Information provided –
◆ ◆ ◆ ◆ ◆

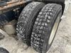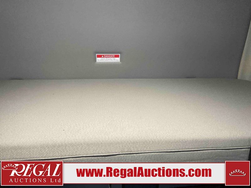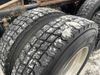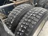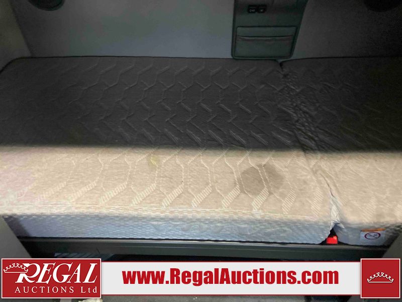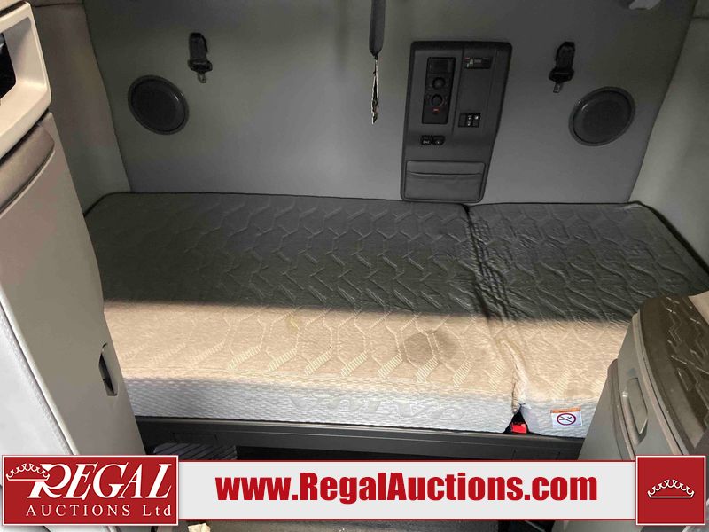 This unit is a 2020 Volvo VNL 760 dual sleeper axle highway tractor. The odoemter reads 866,629. It has a GVWR of 53,200 pounds. Its CVIP is 04–20 25. The interior is dirty. Both seats are stained and the armrest are torn. The lower mattress is stained and worn. This unit is equipped with a microwave, refrigerator, rear climate control, stereo system, and a CB radio. All panels are showing scratches and scuffs. The front end has chips. The engine cover is cracked. The windshield is chipped. The rear cab accessory bracket has peeling paint. The rear of the cab is dented and has peeling paint. This unit is powered by a Volvo 12.8L inline six cylinder turbo diesel engine and a 12 speed automatic transmission. The tires are mounted to steel rims and appear to be in good enough condition for use. This unit is equipped with air brakes, air suspension, rear sliding axles, and a stereo system. It has a 13,200 pound front axle and 20,000 pound rear axles.
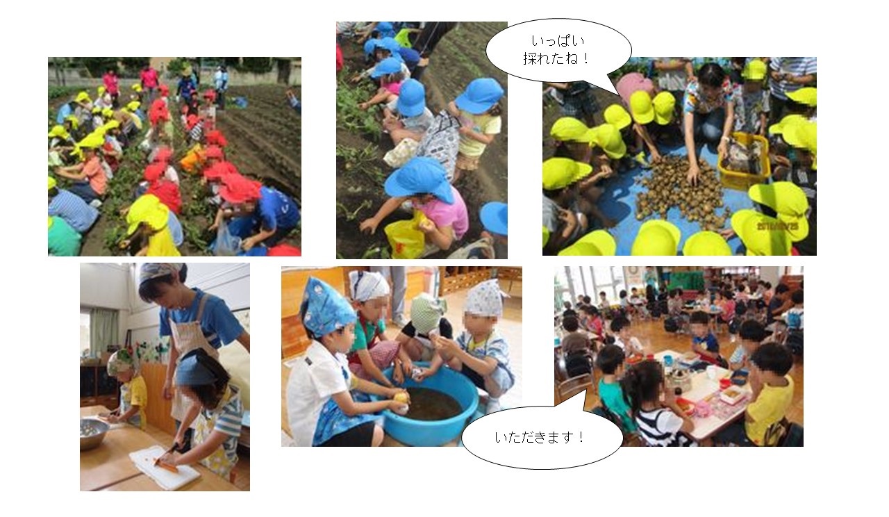 近隣の内藤さんの畑でジャガイモ掘りをしました。ぞう組は、自分たちの畑でもたくさんのジャガイモを収穫できて大喜び!「カレーパーティーをしてみんなにご馳走しよう!」と、張り切ってカレーを作りました。美味しいカレーができました。カレーパーティー大成功〜!!
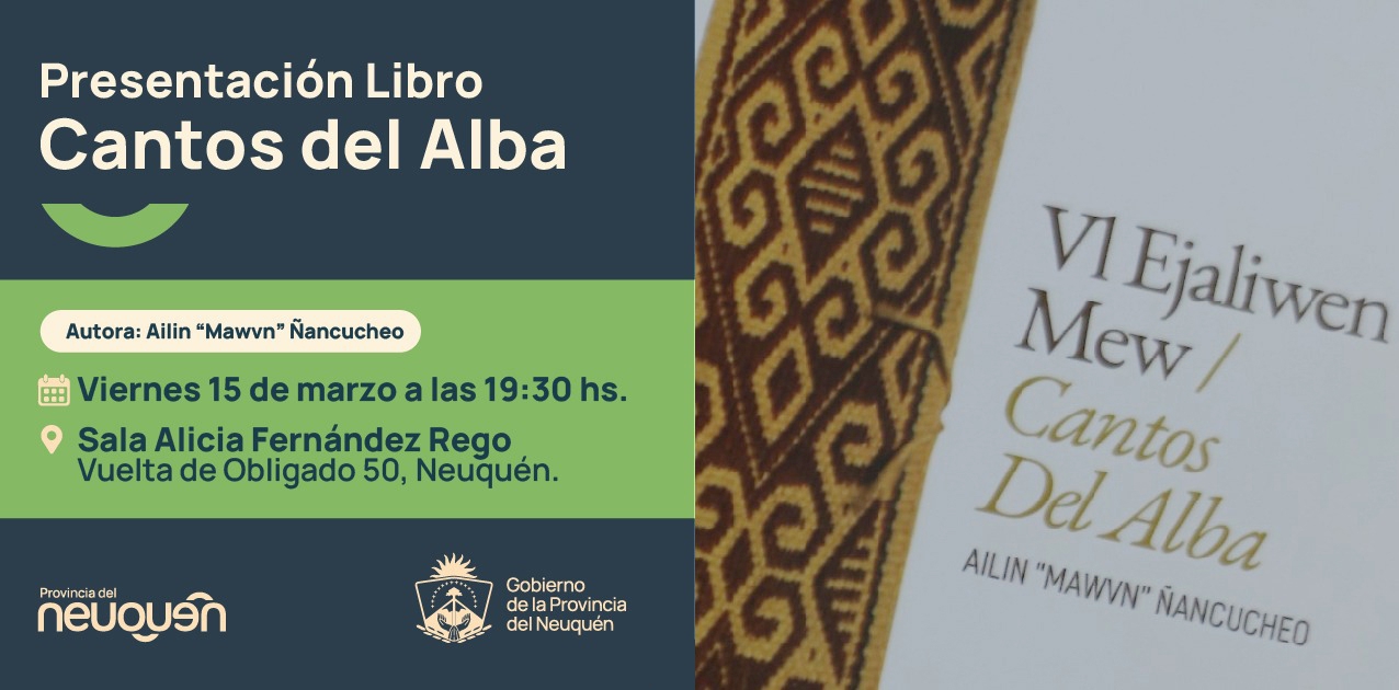 El ministerio de Desarrollo Humano, Gobiernos Locales y Mujeres, a través de la subsecretaría de Cultura, invita a la presentación del libro Cantos del Alba de la poeta Ailin Mawn Ñancucheo, editado por Editorial Hudson.

◆ ◆ ◆ ◆ ◆

What this task involves –
Set down word for word each line from the one containing "近隣の内藤さんの畑でジャガイ" through the end of the material, and keep the pictures out of it.

Result of this exercise –
 近隣の内藤さんの畑でジャガイモ掘りをしました。ぞう組は、自分たちの畑でもたくさんのジャガイモを収穫できて大喜び!「カレーパーティーをしてみんなにご馳走しよう!」と、張り切ってカレーを作りました。美味しいカレーができました。カレーパーティー大成功〜!!
 El ministerio de Desarrollo Humano, Gobiernos Locales y Mujeres, a través de la subsecretaría de Cultura, invita a la presentación del libro Cantos del Alba de la poeta Ailin Mawn Ñancucheo, editado por Editorial Hudson.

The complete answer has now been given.